NOTA: Tras este campanazo, y tras algunos años ininterrumpidos de alimentar el blog, semana tras semana, paro temporalmente la actividad para dedicarme a recopilar y a trabajar nuevas obras. El Arte está ahí y me/os espera. Nosotros pasamos, pero él permanece… !Hasta pronto¡

martes, 16 de octubre de 2012

161 / CUPIDO Y PSIQUIS, ¡QUÉ PASADA!


Cupido –para los griegos Eros y para nosotros Amorcillo- era hijo de Venus y, como ella, dedicó su vida a las actividades amorosas. Fue amamantado por bestias salvajes en medio de la selva y, ya algo crecido, el angelito se dedicó a probar su puntería contra los mismos animales que lo habían criado. Sus herramientas eran el arco y las flechas, que disparaba directamente al corazón de los amantes, incendiándolos con el fuego de la pasión. Lleva alas para dar a entender que el amor es un sentimiento pasajero que se consume y desaparece con los años. Él mismo, conforme fue creciendo, llegó a quedar abrasado por sus propias flechas y se dedicó en cuerpo y alma a conquistar a Psiquis.  
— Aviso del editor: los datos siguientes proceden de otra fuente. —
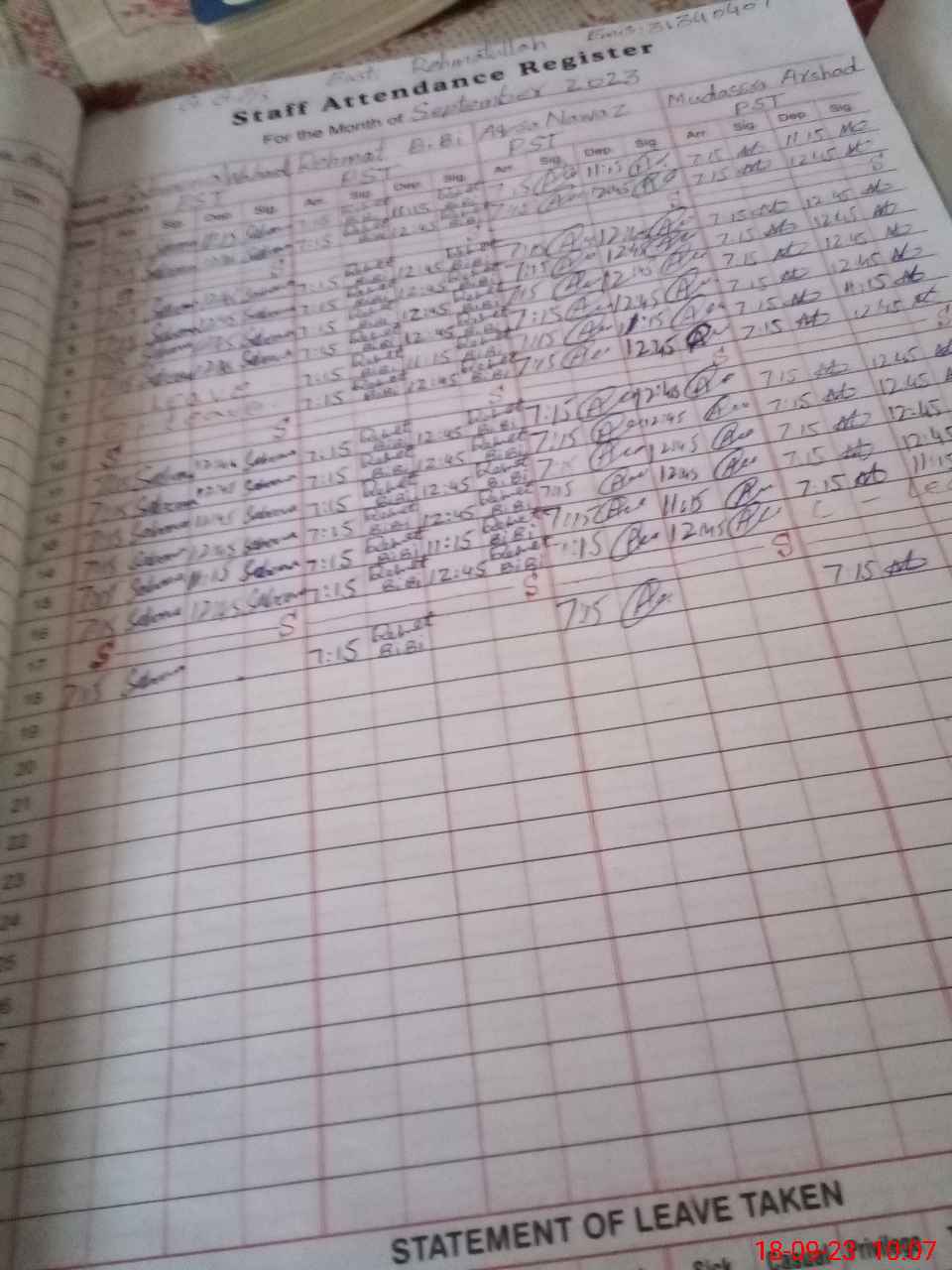 | Leave | Duty | Absent | Maternity | Medical | Ex- Pak |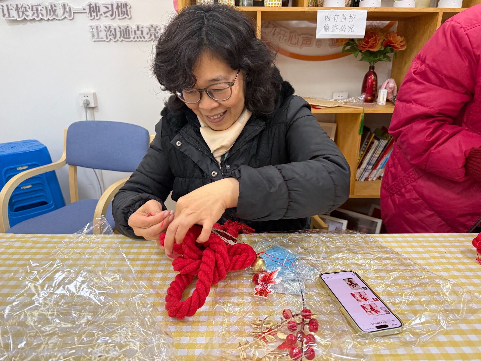 居民们围坐在一起,穿绳、打结、整形、搭配流苏,一边交流心得,一边精心创作。老少携手、邻里互助,原本普通的红绳在指尖翻飞间,化作一个个饱满规整、寓意美好的万字结。大家纷纷将成品悬挂展示,拍照留念,脸上洋溢着收获的喜悦。不少居民表示,亲手制作的万字结更有温度,既是新春装饰,也是对家人的美好祝福。
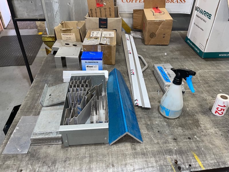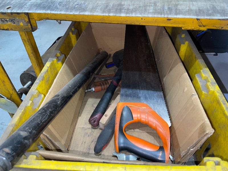 Assorted tool bundle:Includes steel brackets, saw, blue trailer straps & many more…REFER TO PHOTOS (table included) NOTE: must take all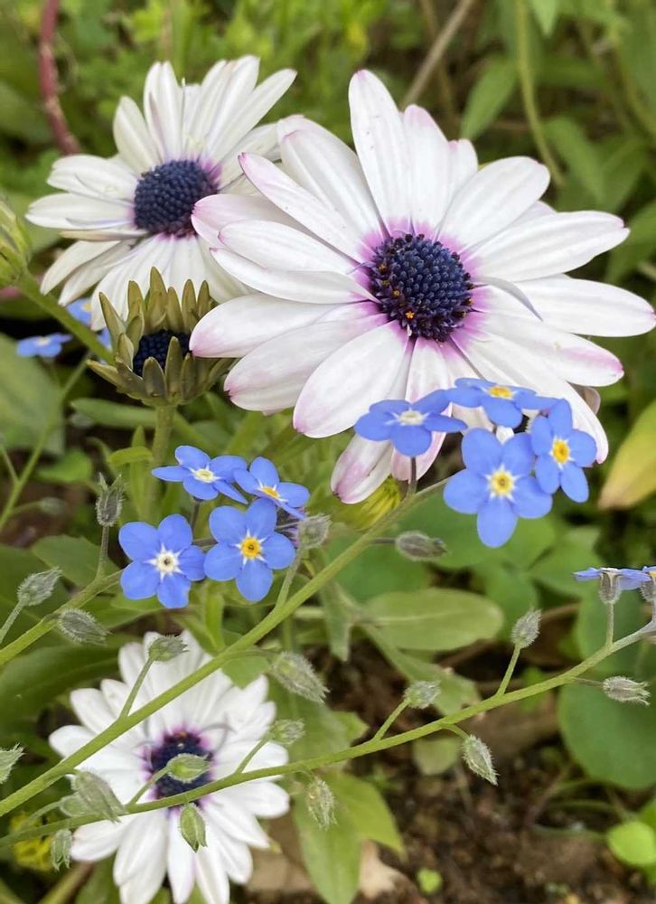 園芸店からの苗はこんもりと、友だちがくれた苗はスマートに、オステオさんと仲良く咲いています😄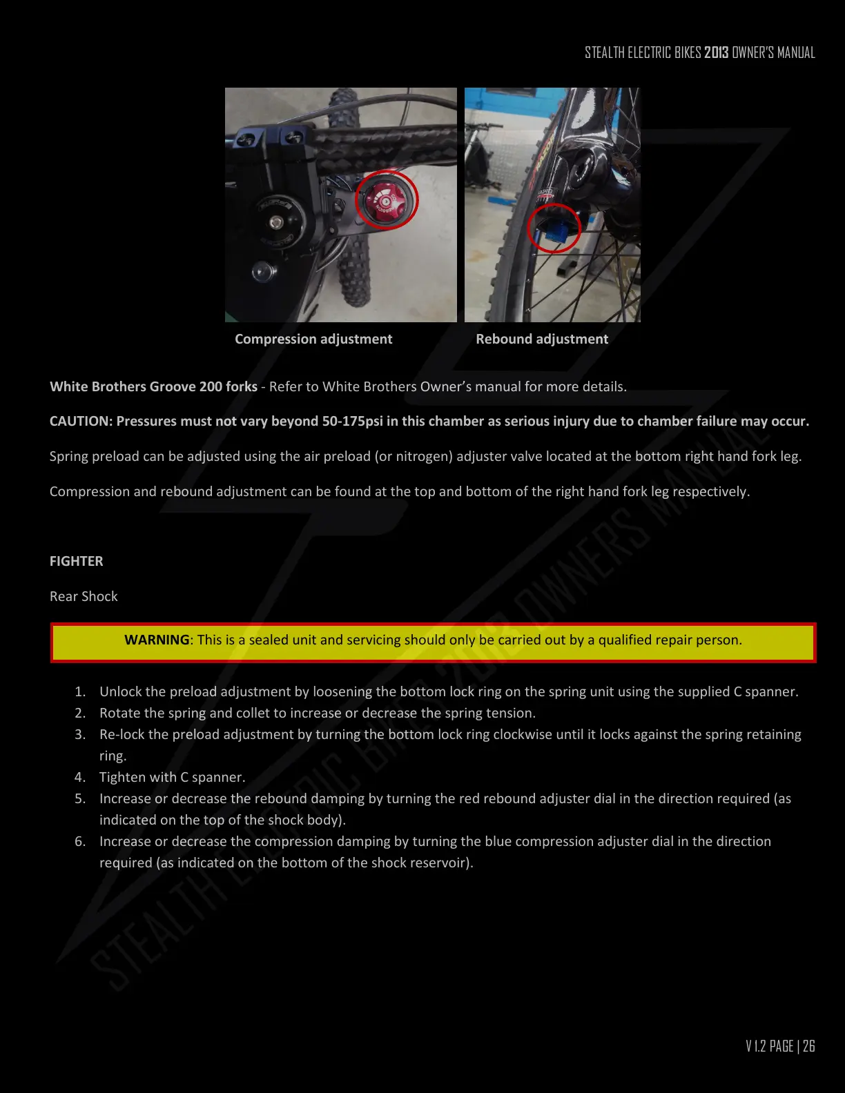 STEALTH ELECTRIC BIKES 2013 OWNER’S MANUAL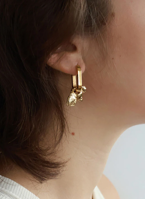 The Nekkar short earrings shine with intensity, radiating far beyond the moment. Their sleek, elongated oval huggie earring in stainless steel gently frames the lobe, creating a refined, contemporary silhouette. Suspended from this minimalist hoop, our signature floral pewter piece, in natural or 22K gold-plated finish, catches and reflects light from every angle, adding a luminous touch to your look. Anne-Marie Chagnon jewelry not only complement your outfits, but also make your uniqueness shine.Details: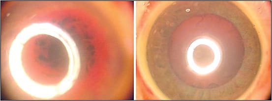 Figure 1. Iris neovascularization limiting dilation and view in a premature baby; right image is one week after bevacizumab injection.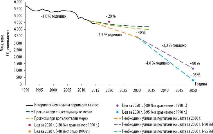 23Настоящите тенденции, прогнози и цели, както и намаленията на емисиите, необходими за постигането на целите, са показани на фигура 1. Тя показва, че целите и целевите нива за намаляване на емисиите на парникови газове за 2030 г. и 2050 г. няма да бъдат постигнати без значителни допълнителни усилия. За да бъдат изпълнени целевите нива за 2030 г., годишните усилия за намаляване на емисиите ще трябва да се увеличат наполовина през следващото десетилетие. Най-съществената промяна обаче ще бъде необходима след 2030 г., когато процентът на намаление на емисиите ще трябва да надвиши историческите нива с три до четири пъти, за да се постигне целта за 2050 г.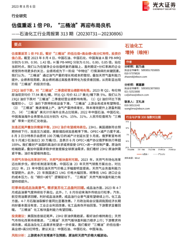 【光大证券】【20230806】20230806-光大证券-石油化工行业周报第313期:估值重返1倍PB,“三桶油”再迎布局良机-28页 行业研究
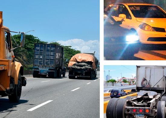 Conducir sin luces frontales o traseras, uso indebido del carril izquierdo con vehículos pesados y rodamiento de unidades con gomas desgastadas, constituyen las tres infracciones de tránsito más cometidas y sancionadas en el país desde enero de 2019 a esta fecha de 2020, según consta en un registro de 96,409 casos de violaciones compilados por las autoridades.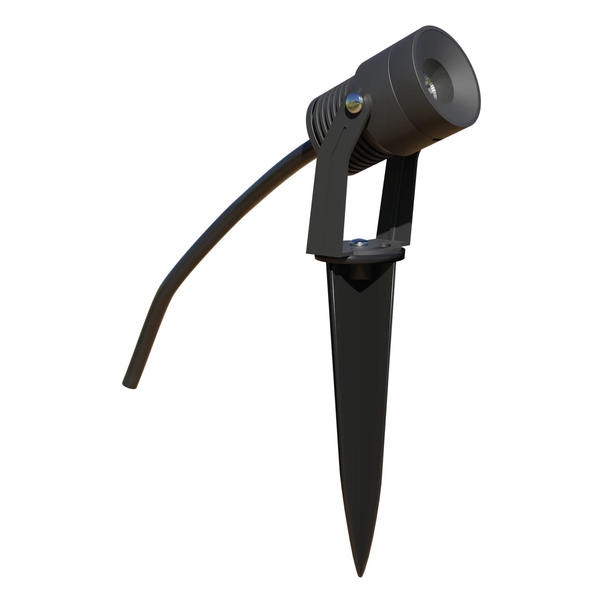 Die Leuchte kann entweder mittels des montierten Bügels direkt auf dem Untergrund, oder optional mit dem mitgeliefertem Erdspieß im weichen Untergrund montiert werden. Am Strahler befindet sich eine 1,5m lange Anschlussleitung mit freien Aderenden. Der Schwenkwinkel der Leuchte beträgt 45°. Der Erdspieß hat eine Länge von 170mm. L80B10 bei 50.000h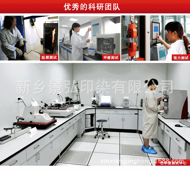 2.**的研發團隊:推動景弘技術開發和產品**進程;并擁有經過UL檢測機構**培訓、對檢測精益求精的檢測人員,您可以放心把面料交給我們。供應給您的面料是經過兩個獨立的檢測體系(工廠自檢、實驗室檢測)檢測的,可以放心使用。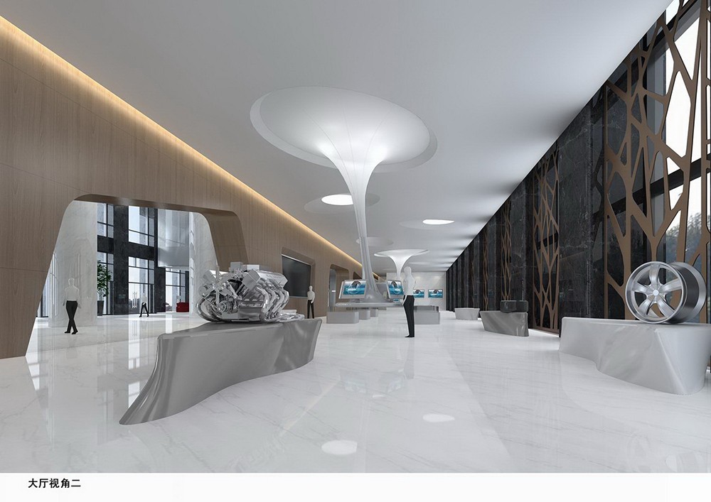 本案整體設(shè)計風(fēng)格具有現(xiàn)代科技感,流線設(shè)計簡約,個性鮮明,造型不可復(fù)制性,決定企業(yè)價格觀與品牌文化的唯一性,設(shè)計大膽運用曲面設(shè)計手法。大量的使木紋鋁板裝飾、天石材等高檔材料,運用到整個理念之中。一氣呵成,呈現(xiàn)完美的空間視覺

            Psiquis era, a su vez, una muchacha hermosísima pero veleidosa y cambiante como ella sola. Conociendo estas características, Cupido quiso ligársela usando su punto flaco: el anonimato y el efecto sorpresa. Se aplicó a darle todo lo que se le antojaba, fuesen palacios, ropas y todo tipo de caprichos. Pero jamás se dio a conocer a ella. La historia se va enredando en una serie de bucles que la hacen algo tediosa e inferior en atractivo a otras de la mitología. A pesar de esto, ambos personajes –Cupido y Psiquis- han quedado para la posteridad como prototipos del amor puro, del cariño auténtico y de la conquista bien ganada.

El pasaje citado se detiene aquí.